The estimated sorption capacity of the pectin–montmorillonite coating onto the cellulose matrix of the modified Rh^bio–Mt phytopreparation can be calculated if the q_e* value for the P_Rh–Mt hybrid material is expressed in weight fractions of absorbed theophylline, and the pectin content in the Rh biomass is taken into account. The estimated value of the indicator is 38.03 mg·g⁻¹. The obtained value is comparable with the experimental value of the equilibrium sorption of the model alkaloid by Rh^bio–Mt (see Table 3). Thus, the sorption activity of the modified phytopreparation is almost completely determined by the properties of the hybrid polymer-inorganic coating.
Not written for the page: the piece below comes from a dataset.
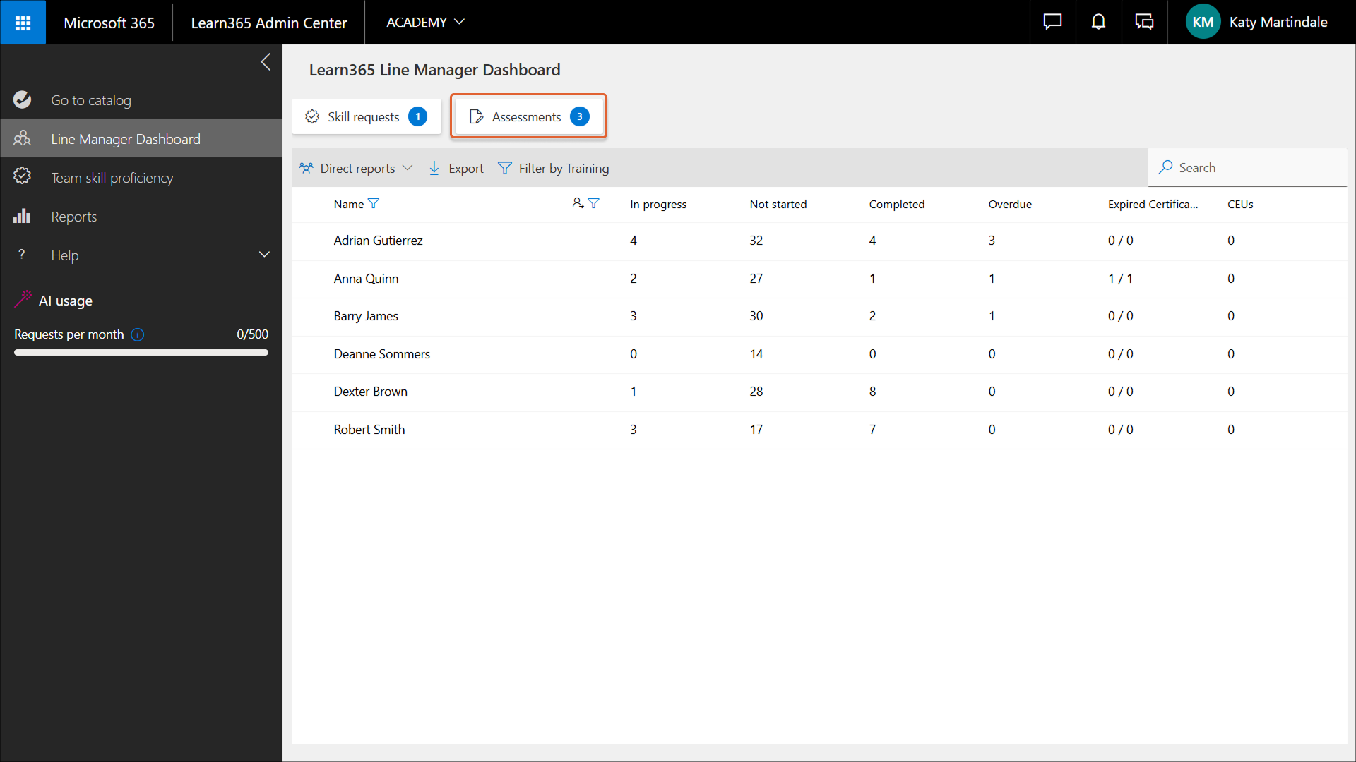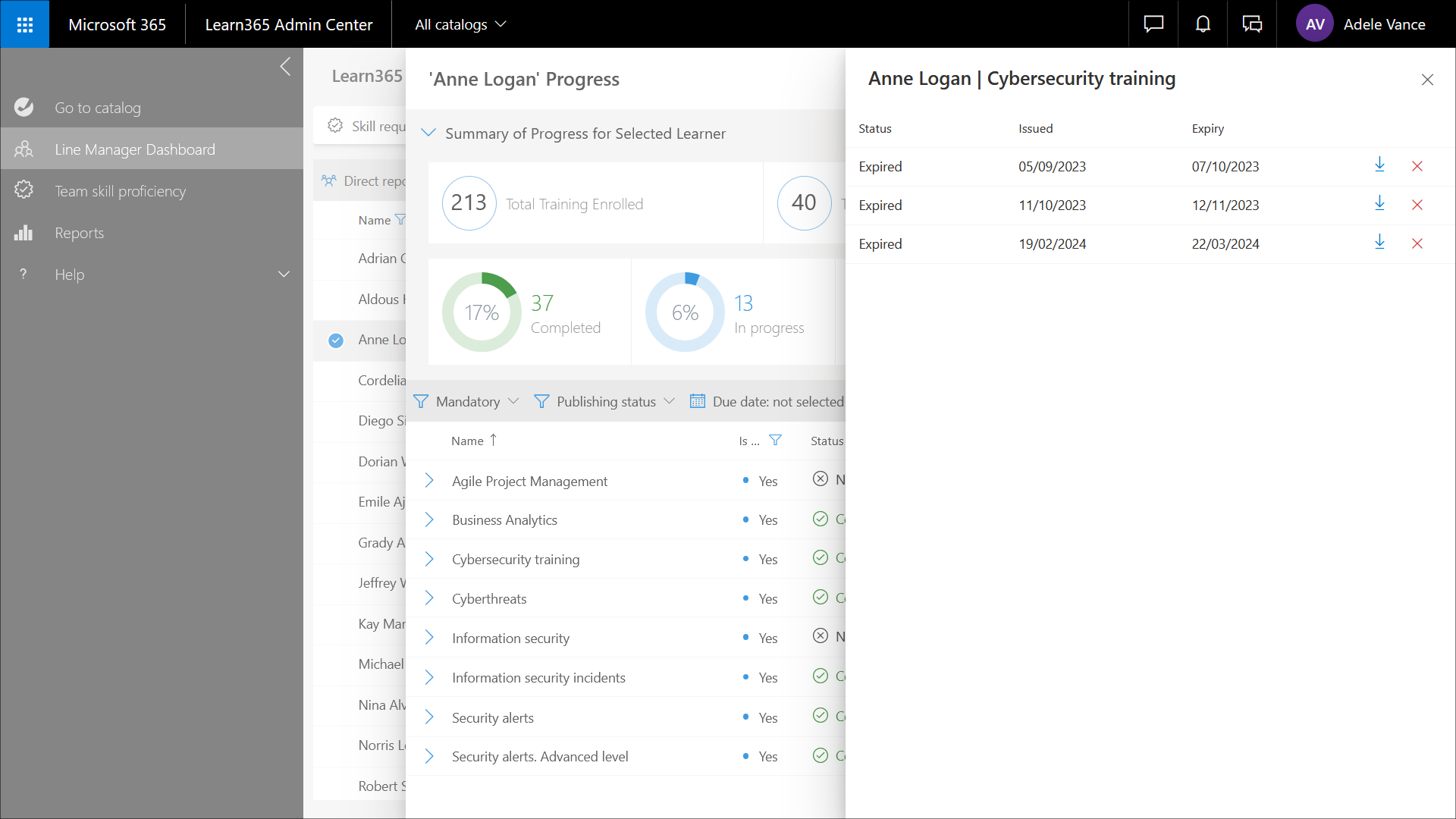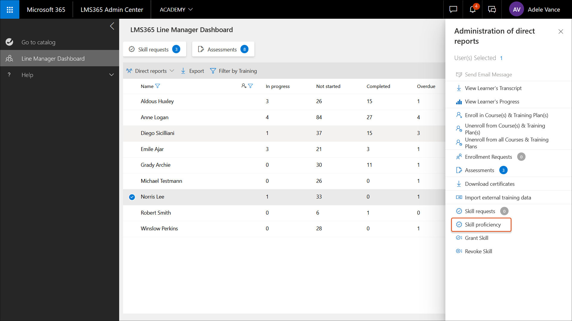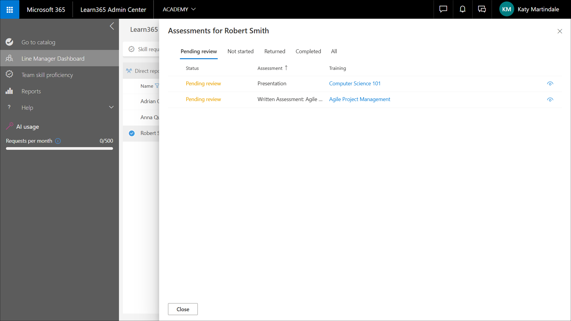 1. Wählen Sie im Linienmanager-Dashboard den gewünschten Lernenden aus. Der Bereich Verwaltung der direkten Mitarbeiter wird geöffnet.

The obtained results have practical importance. The values of the absorption rate constants and the maximum sorption capacity allow the determination of the dosage of pectin-containing phytopreparations for the prevention of mycotoxicosis from the calculation of the specific binding of alkaloids. For this, the integral equation of the pseudo-second-order adsorption model can be used:

(a)

During the passage of food in the human duodenum:

$$q_{20}=20/\left(\frac{1}{k_2{q}_e^{*}{}^2}+\frac{20}{q_e^{*}}\right)$$

(b)

During the passage of feed mass in the body of farm animals:

$$q_{30}=30/\left(\frac{1}{k_2{q}_e^{*}{}^2}+\frac{30}{q_e^{*}}\right)$$

4. Conclusions

The presented results indicate that our proposed technology for modifying rhubarb biomass by controlled enzyme action on cellulose matrix polymers and the solid-phase synthesis of a hybrid pectin–montmorillonite coating enhances the functionality of phytosorbents for the effective binding of azaheterocyclic mycotoxins in the digestive systems of humans and farm animals. Confirmation of the super-additive influence of the components in the development of porosity and sorption properties of the hybrid composite material was obtained. The effect of the pectin supramolecular structure on the intercalation of the layered mineral was traced. Simulation of the block-cellular structure of rhubarb pectin was carried out according to the degree of polymerization and the ratio of the galacturonate unit forms in comparison with the commercial citrus pectin characteristics. The relationship between the structural differences of pectins and kinetic and equilibrium parameters of theophylline sorption was traced. The rate constants of absorption and the ultimate sorption capacity q_e* of pectin and hybrid substrates at pH 2 and pH 5 were analyzed using the pseudo-first- and pseudo-second-order kinetic models. A correlation model was obtained for predicting the effects of the level of q_e* in pectin sorbents to alkaloids according to the ratio data of the galacturonate units forms. It was shown that intercalated montmorillonite performs a concentrator function which increases the sorbate content in the external environment to intensify the theophylline chemosorption binding on the adsorption centers of pectin. The practical importance of the obtained values of the adsorption rate constant and the q_e* index is associated with the possibility of justifying the dosage of modified enterosorbents for the effective immobilization of azaheterocyclic mycotoxins for a limited time of passage in the duodenal of humans and farm animals.

5. Patents

Patent RU 2666769 C1. Method for fodder production from plant raw materials with a high content of lignified fiber. Publ. 12 September 2018.